Rowan stood there for a moment, holding the tiny notebook, stunned. Then he recovered enough to stammer out an answer. “Of course,” he said. “I tested multiple iterations of it. This one seems to be the most stable out there, and I tried several variations of it as well. I didn’t want a repeat of whatever caused that parlor accident Downhill.”

It was a gamble to bring up Cashin’s parlors. Rowan barely knew the man, but failure could provoke even the calmest man to blows. Still, it was the truth, and Rowan was nothing if not honest.

Cashin’s gaze darkened, and as he straightened from Rowan’s little tube of light, some of the levity and childlike excitement gone from his face. He suddenly seemed much closer to his almost forty years.

“That one was bad for business,” he said quietly. “Years of trying to manage those and make them safe, and someone still manages to open an unregulated one right under my nose. I even had members of the Council on it, but they were too late.” He shook his head and met Rowan’s eyes. “I need a new deal. What you’ve got here could change the entire city. Can you imagine it? No more fuel Downhill, which means fewer fires with those shacks they build to withstand the Drystorms. Uphill we won’t have to squint by tiny globes. Might be able to get some actual work done at night. Clouds, we could export Fulminancy if we were careful.”

Rowan frowned as Cashin became more animated, pacing the room. “The nearest city is a month away,” Rowan said carefully. Cashin simply winked at him.

“However close they are, I’m sure they’d pay a high price for something like this. How’d you do it anyway?”

Rowan thumbed through Cashin’s notebook absently, noting several possible deals the man had jotted down. His hand twitched a bit on a particular page. Rowan had come from money; his family was hardly poor, and even estranged as he was, his friendship with Arlette meant that he had never wanted for much. Lab equipment, however, was expensive, and Rowan was running out of funds. Brilliant or not, his experiments with Fulminancy would come to an end if he couldn’t fund them.

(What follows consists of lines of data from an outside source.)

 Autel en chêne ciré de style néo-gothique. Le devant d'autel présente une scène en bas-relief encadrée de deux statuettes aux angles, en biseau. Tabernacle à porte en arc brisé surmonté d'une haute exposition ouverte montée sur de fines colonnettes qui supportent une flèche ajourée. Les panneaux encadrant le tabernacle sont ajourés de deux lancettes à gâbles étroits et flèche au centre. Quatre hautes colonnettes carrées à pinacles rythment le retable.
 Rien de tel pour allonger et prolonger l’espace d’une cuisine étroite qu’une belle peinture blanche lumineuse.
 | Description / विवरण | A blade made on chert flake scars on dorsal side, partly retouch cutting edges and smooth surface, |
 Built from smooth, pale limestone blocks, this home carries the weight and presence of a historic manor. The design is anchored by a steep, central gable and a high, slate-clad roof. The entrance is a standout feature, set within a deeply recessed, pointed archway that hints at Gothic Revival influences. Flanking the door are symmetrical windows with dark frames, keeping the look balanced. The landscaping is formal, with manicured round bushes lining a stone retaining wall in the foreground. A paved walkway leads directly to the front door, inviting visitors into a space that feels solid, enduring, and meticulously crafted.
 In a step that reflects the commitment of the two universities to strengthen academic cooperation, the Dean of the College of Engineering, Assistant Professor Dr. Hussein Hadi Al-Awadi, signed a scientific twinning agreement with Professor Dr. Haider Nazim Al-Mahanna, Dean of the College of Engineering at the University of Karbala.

His struggle with that was apparently at an end, judging from the numbers Rowan saw on the page. He shut the notebook with a snap, trying to keep his face straight, and walked over towards the tube of light where Cashin stood.

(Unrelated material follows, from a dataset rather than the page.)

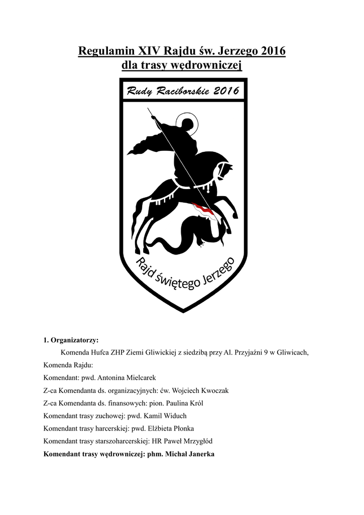 Regulamin XIV Rajdu św. Jerzego 2016 dla trasy wędrowniczej 1. Organizatorzy: Komenda Hufca ZHP Ziemi Gliwickiej z siedzibą przy Al. Przyjaźni 9 w Gliwicach, Komenda Rajdu: Komendant: pwd. Antonina Mielcarek Z-ca Komendanta ds. organizacyjnych: ćw. Wojciech Kwoczak Z-ca Komendanta ds. finansowych: pion. Paulina Król Komendant trasy zuchowej: pwd. Kamil Widuch Komendant trasy harcerskiej: pwd. Elżbieta Płonka Komendant trasy starszoharcerskiej: HR Paweł Mrzygłód Komendant trasy wędrowniczej: phm. Michał Janerka 2. Termin i miejsce rajdu: XIV Rajd św. Jerzego odbędzie się na terenie miast województwa śląskiego, z noclegiem na polu namiotowym nad rzeką Rudą w dniach 15 - 17 kwietnia 2016 r. oraz z noclegiem w Zespole Szkół w Rudach w dniach 23. – 24.04.2016 r. Impreza odbędzie się bez względu na warunki atmosferyczne. Zakończenie Rajdu odbędzie się w niedzielę 24 kwietnia o godzinie 12:00. Dojazdy i powroty z miejsca Rajdu w pierwszy weekend we własnym zakresie. Dnia 24 kwietnia zostanie zapewniony transport. 3. Cele rajdu: propagowanie ZHP jako nowatorskiej i atrakcyjnej organizacji, motywowanie uczestników do samorozwoju, promowanie Związku Harcerstwa Polskiego poprzez działania dla społeczności zarówno lokalnej jak i regionalnej, integracja członków Rajdu. upowszechnienie aktywnych form wypoczynku i spędzania wolnego czasu, promocja zdrowego stylu życia, promocja postaw obywatelskich i zgodnej współpracy w grupie, poznanie walorów kulturowych i turystycznych gminy Kuźnia Raciborska i okolic, upowszechnienie wiedzy o historii gminy Kuźnia Raciborska i okolic, zapoznanie się z ginącymi tradycjami, zwiększenie samodzielności i zaradności życiowej uczestników Rajdu, ze szczególnym uwzględnieniem kompetencji w zakresie orientacji w terenie. 4. Uczestnictwo: Udział w Rajdzie mogą wziąć osoby zgłoszone do 06.04.2016 r., spełniające wymagania wiekowe pionu wędrowniczego i występujące w patrolu o określonej liczebności. Organizator zastrzega sobie prawo wcześniejszego zamknięcia zgłoszeń w przypadku przekroczenia limitu uczestników. W indywidualnych, ustalonych z organizatorami przypadkach dopuszcza się start patroli o innej liczebności. Liczebność patrolu: 2 - 4 osoby. Z patrolem przyjeżdża pełnoletni opiekun. Może on brać czynny udział w Rajdzie na prawach uczestnika. W takim przypadku jest wliczany do liczebności patrolu oraz płaci pełną kwotę wpisowego. Każdy zgłoszony uczestnik (za wyjątkiem opiekunów nie będących członkami ZHP) musi posiadać uzupełnione w Ewidencji ZHP dane. 5. Współzawodnictwo: Na trasie Rajdu będzie prowadzone współzawodnictwo patroli. Oceniane będzie: uczestnictwo w programie, jakość wykonania zadań, zdyscyplinowanie patrolu, ekwipunek patrolu, przestrzeganie regulaminu. 6. Ekwipunek: obowiązkowe indywidualne: plecak turystyczny, wygodne obuwie turystyczne, obuwie na zmianę do używania w miejscu noclegów, prowiant (śniadania i kolacje), przybory do spożywania posiłków, śpiwór i karimata, okrycie przeciwdeszczowe, przybory toaletowe, umundurowanie harcerskie (dla członków organizacji harcerskich), dokument tożsamości - legitymacja szkolna lub studencka (jeśli uczestnik takową posiada), odblaskowe elementy odzieży, obowiązkowe zespołu: latarka , podręczna apteczka, telefon komórkowy (z min. 5zł na koncie), kompas/ busola, każdy patrol musi posiadać i przedstawić: wykupione Ubezpieczenie NNW wraz z listą z danymi uczestników patrolu, a także zgody rodziców oraz pisemne zobowiązanie opiekuna, stanowiące załącznik do niniejszego Regulaminu. W miarę możliwości członkowie patrolu powinni posiadać koszulki środowiska lub inne koszulki harcerskie. 7. Gwarantowane świadczenia: Organizator Rajdu zapewnia: noclegi w warunkach turystycznych, ciepły posiłek w sobotę 16.04.2016 r., możliwość skorzystania z czajnika elektrycznego w miejscu noclegu w dniach 23-24.04.2016 r., nagrodę dla zwycięskiego patrolu, pamiątkowy dyplom dla każdego patrolu, wejście do obiektów przewidzianych na trasie Rajdu, pamiątkową niespodziankę, przejazd z Rud do Gliwic w dniu 24 kwietnia (dla osób zgłoszonych w formularzu). 8. Rezygnacja: Rezygnacja z udziału w Rajdzie patrolu lub uczestnika musi być niezwłocznie zgłoszona Komendzie Rajdu. W przypadku poinformowania o tym fakcie do dnia 30.03.2016 r. zostanie zwrócone 100% wpisowego, po tym terminie nie będzie możliwości zwrotu wpisowego. W przypadku wycofania się całego patrolu lub pojedynczego uczestnika z dalszego uczestnictwa w Rajdzie, zespół zobowiązany jest do niezwłocznego powiadomienia o tym fakcie Komendy Rajdu. Patrol, który schodzi z trasy (rezygnacja, dyskwalifikacja, zagubienie), musi na własną rękę dotrzeć do bazy noclegowej Rajdu. 9. Bezpieczeństwo: W każdym patrolu musi być pełnoletni opiekun, który za niego odpowiada. Wszyscy uczestnicy Rajdu muszą przestrzegać zasad ustalonych przez Organizatora i muszą posiadać cały wymagany sprzęt. Każdy patrol musi posiadać przynajmniej jeden sprawny telefon komórkowy. Obowiązuje nakaz przestrzegania zasad poruszania się po drogach publicznych, przepisów ruchu drogowego i przeciwpożarowych. Obowiązuje zakaz poruszania się po uprawach rolnych, hodowlanych, szkółkach leśnych i terenach prywatnych. Nieprzestrzeganie regulaminu może skutkować punktami karnymi, bądź przy rażącym naruszeniu zasad, wykluczeniem patrolu z dalszej rywalizacji. 10. Dyskwalifikacja: Dyskwalifikacja uczestnika lub patrolu może nastąpić w wypadku nieprzestrzegania: Prawa Harcerskiego, przepisów ruchu drogowego, przepisów ochrony przyrody i bezpieczeństwa przeciwpożarowego. Dyskwalifikacja jest równorzędna z wykluczeniem z Rajdu, utratą praw do wszelkich świadczeń oraz brakiem zwrotu wpisowego. 11. Zgłoszenia oraz wpisowe: Zgłoszenia na Rajd podzielone są na II tury: I tura zgłoszeń przeznaczona jest jedynie

“Fulminancy has a tendency to destabilize from a distance,” he told Cashin, tapping his tube. “That’s why we usually keep it in such small globes. If it has something to latch onto, however, you can stabilize it a bit more. It retains more of its initial properties as it leaves a user.”

“So you give it something to latch onto, and it spreads the light around,” Cashin said. He whistled again. “Though…that’s not all there is to it, is there?”

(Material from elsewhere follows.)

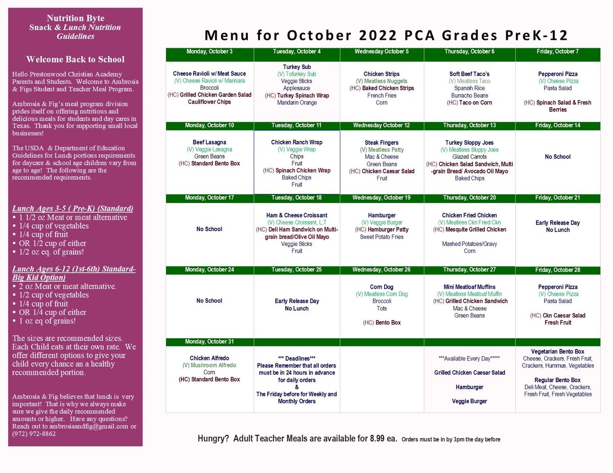 Our End Of October Lunch Menu Desert Garden Montessori Facebook

“Not quite,” Rowan said, frowning. “There’s—“

Cashin held up a hand. “Don’t tell me the rest of it. If I’m going to be your patron, I don’t want to hold your secrets— just your wallet.”

This is the oddest man I’ve ever met, Rowan thought. Still, could he really complain? He’d dreamt of this for years. The kind of funds Cashin offered would mean Rowan could expand his little experiment into something truly world changing. How could his family possibly keep him estranged after that? It would certainly be hard to ignore the father of modernism in Hillcrest.

“So?” Cashin asked, hope in his voice. “I’ve got a meeting with the Council tonight. I’d love to tell them about a budding investment I’ve got in the works.”

He held Rowan’s eyes, expectant, the faint green light of the tube blossoming against his face. Rowan flipped the notebook open, tapped a page, and smiled.

“I believe you have yourself a deal.”